A **tensor** is an $N$-way array of numbers, $\mathcal{A}=\left(a_{i_1,i_2,\ldots, i_N}\right)_{1\leq i_1\leq n_1,\:1\leq i_2\leq n_2,\ldots,1\leq i_n\leq n_N}$ where each $a_{i_1,i_2,\ldots, i_n}\in\mathbb{R}$. Letting $\mathbb{N}=\{1,2,3,\ldots\}$ denote the natural numbers, we say that ${\bf i}\in\mathbb{N}^N$ with ${\bf i}=(i_1,\ldots, i_N)$ is a **multi-index**, and we will write $a_{\bf i}$ instead of $a_{i_1,i_2,\ldots, i_N}$. We will also replace the system of inequalities $1\leq i_1\leq n_1,\:1\leq i_2\leq n_2,\ldots,1\leq i_n\leq n_N$ with ${\bf 1}\leq {\bf i}\leq {\bf n}$. This gives us the compact notation $\mathcal{A}=\left(a_{{\bf i}}\right)_{{\bf 1}\leq {\bf i}\leq{\bf n}}$. 

For example, an $m$ by $n$ matrix is a $2$-way array, and in this case $\mathcal{A}=\left(a_{i, j}\right)_{1\leq i\leq m, 1\leq j\leq n}$, which is the same as $\left(a_{(i,j)}\right)_{(1, 1)\leq (i, j)\leq (m,n)}$ in our compact notation.

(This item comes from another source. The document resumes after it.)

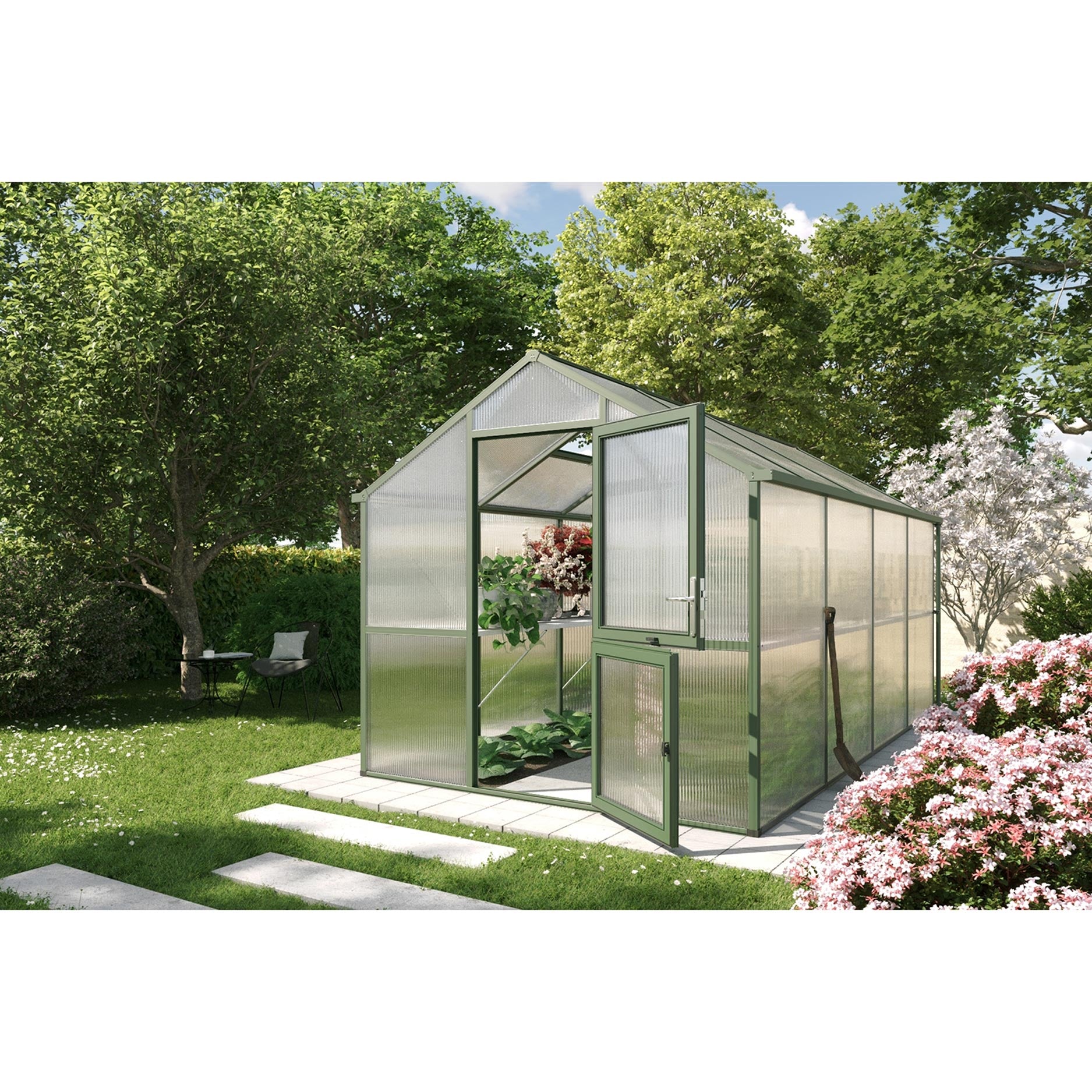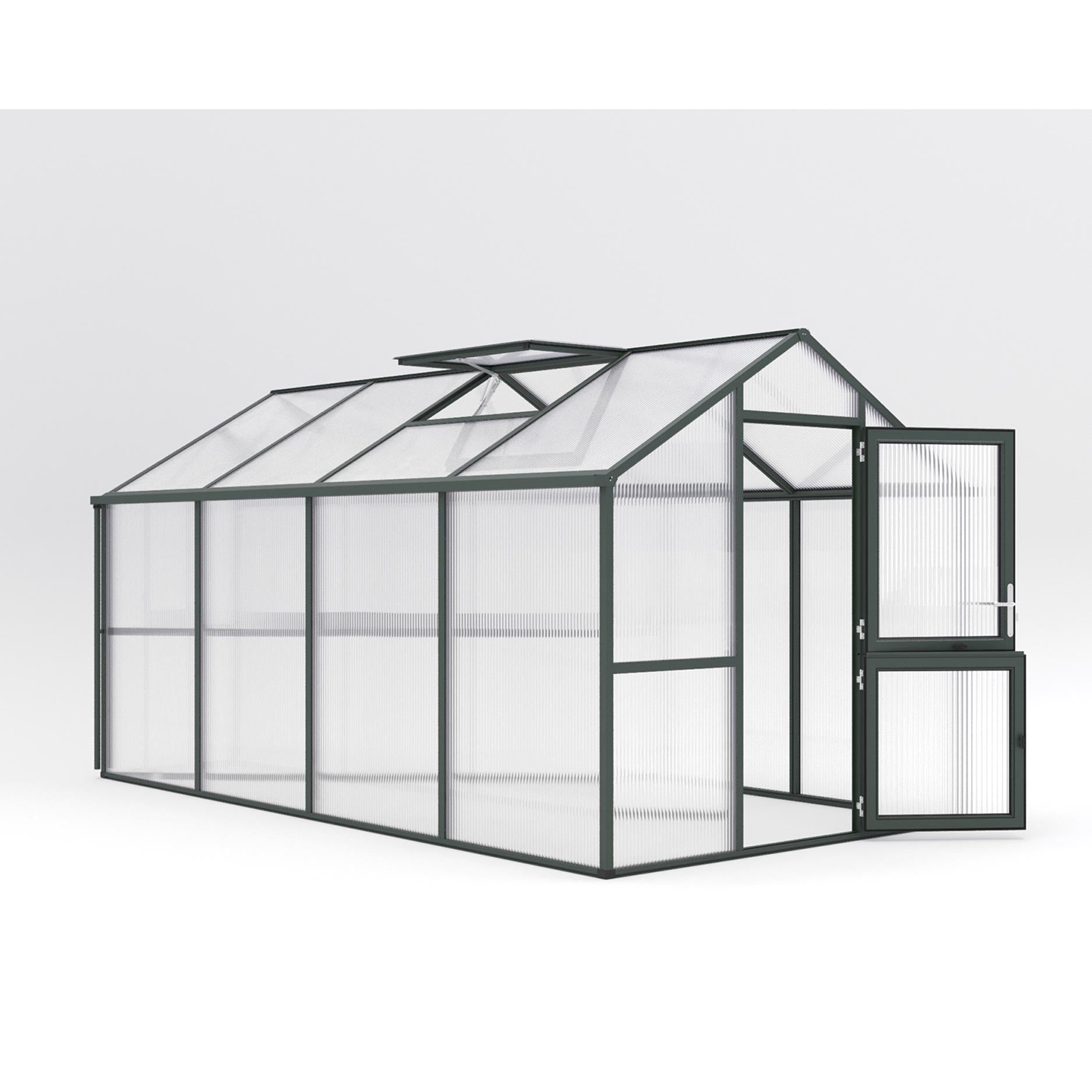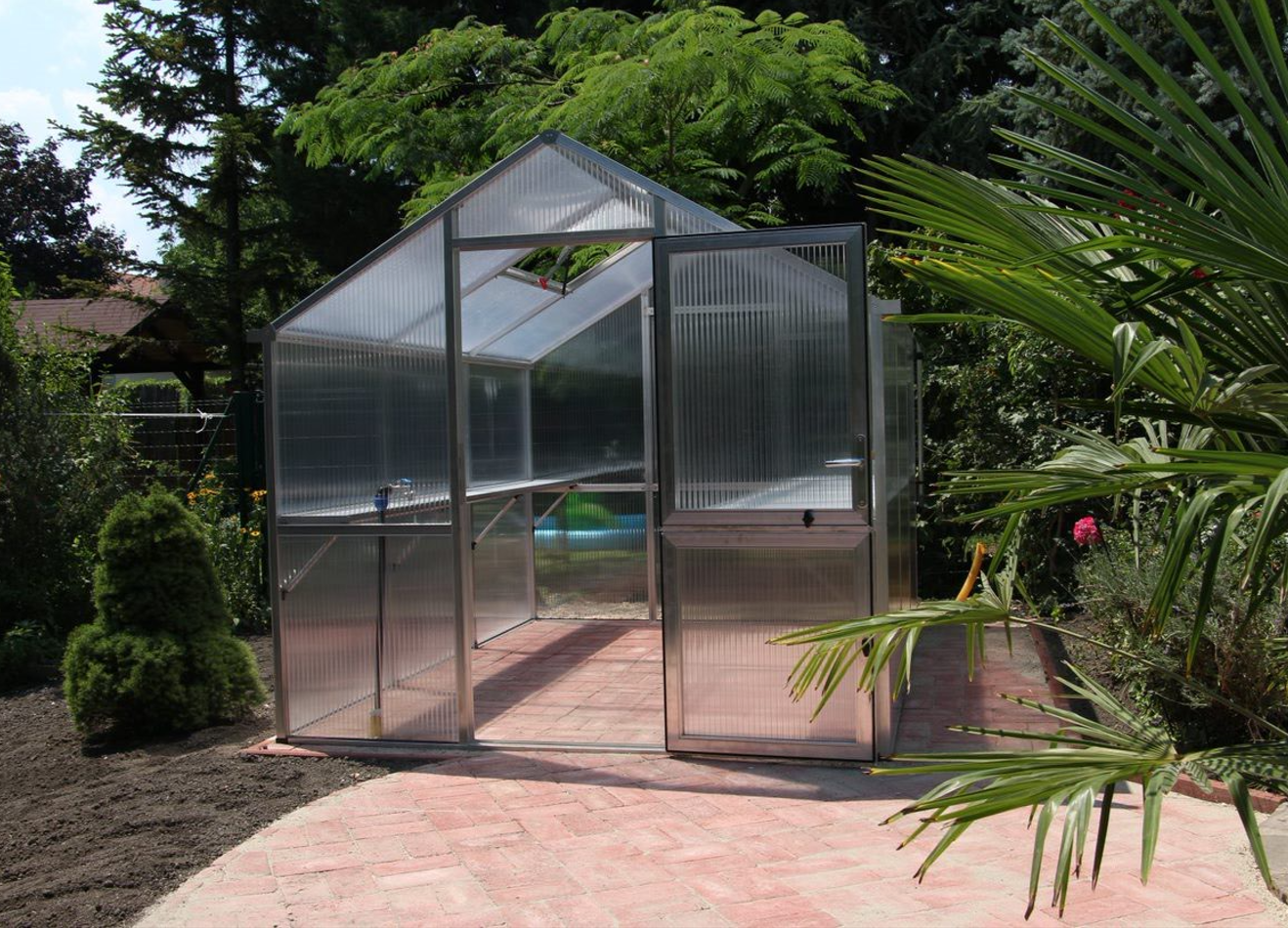 La structure repose sur un châssis en aluminium robuste avec des panneaux alvéolaires de 16mm, qui offrent la meilleure valeur d’isolation de la gamme KGT. Les panneaux sont protégés contre les UV, laissent passer une lumière diffuse et sont pratiquement incassables. L’Iris IV est équipée d’une large porte battante, d’une lucarne de toit automatique, d’une fenêtre arrière manuelle et de doubles gouttières pour l’évacuation de l’eau ou la récupération de l’eau de pluie. Avec le châssis de fondation en option, cette serre reste parfaitement stable, même en cas de vent fort et de charge prolongée.

We let $\mathcal{T}_{{\bf n}}$ denote the set of $n_1$ by $n_2$ by $\ldots$ by $n_N$ tensors where
$$
{\bf n} = \begin{pmatrix}
n_1 & n_2 &\cdots & n_N
\end{pmatrix}\in \mathbb{N}^N.
$$

For example, $M_{m,n}$ is the same as $\mathcal{T}_{(m, n)}$, and $\mathbb{R}^d$ is the same as $\mathcal{T}_{(d)}$.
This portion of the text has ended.